Monday, Nov. 04, 1935
Scorched Los Angeles
First came the wind. Swooping down on the Los Angeles district last week at 65 m.p.h., it toppled oil derricks, flattened orchards, roiled the harbor until shipping ceased, caused wide damage. Then came the fire. Started apparently by fallen power-lines, blazes flickered up in the night on three broad fronts, spread out through the dry, brush-matted hills of Altadena, Capistrano, Malibu. Soon the tawny, tumbled country on all sides of Los Angeles was a mass of crackling flame. Beneath huge billows of smoke, it sprinted across the arid hills, licking up bungalows threatening oil depots, stealing down lush valleys to frizzle acres of fruit.
In Altadena, frantic nurses moved 60 patients from La Vina Sanitarium before the $150,000 buildings collapsed in embers.

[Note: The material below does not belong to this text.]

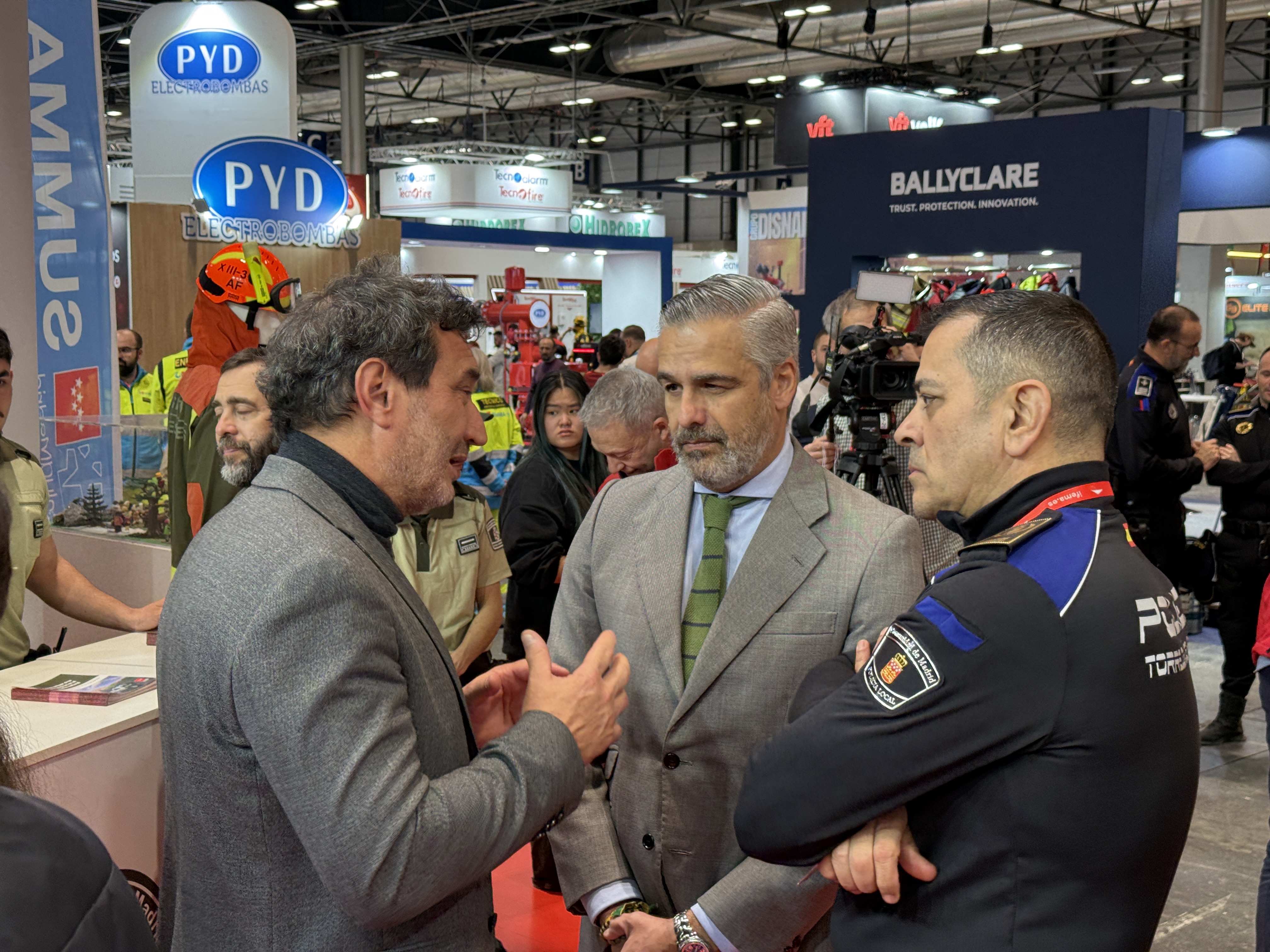 Torrejón de Ardoz, 25 de febrero de 2026. El regidor torrejonero visitó el stand de la Agencia de Seguridad y Emergencias Madrid 112 con la que recientemente Ayuntamiento de Torrejón de Ardoz ha firmado el convenio que integra la operativa de la Policía Local del Centro de Coordinación Municipal (CECOM) en esta agencia lo que mejora la eficacia ante incidencias y emergencias. En este stand, el regidor torrejonero, departió con Carlos Novillo, consejero de Medio Ambiente, Agricultura e Interior y Pedro Antonio Ruiz, director General de la Agencia de Seguridad y Emergencias Madrid 112.

At Malibu, favorite watering place tor cinema folk, the conflagration crept within a mile of the cluster of rich houses before it turned aside with a change of wind. As it was, the homes of Cinemactors Charles Farrell & Lionel Atwill burned flat.
In Capistrano, a dust storm added to the woes of the firefighters. In Los Angeles itself, a mantle of ashes settled over everything.
Destruction was not halted until 150 sq. mi. had been burned to a crisp in four days, nearly ten millions in damage done.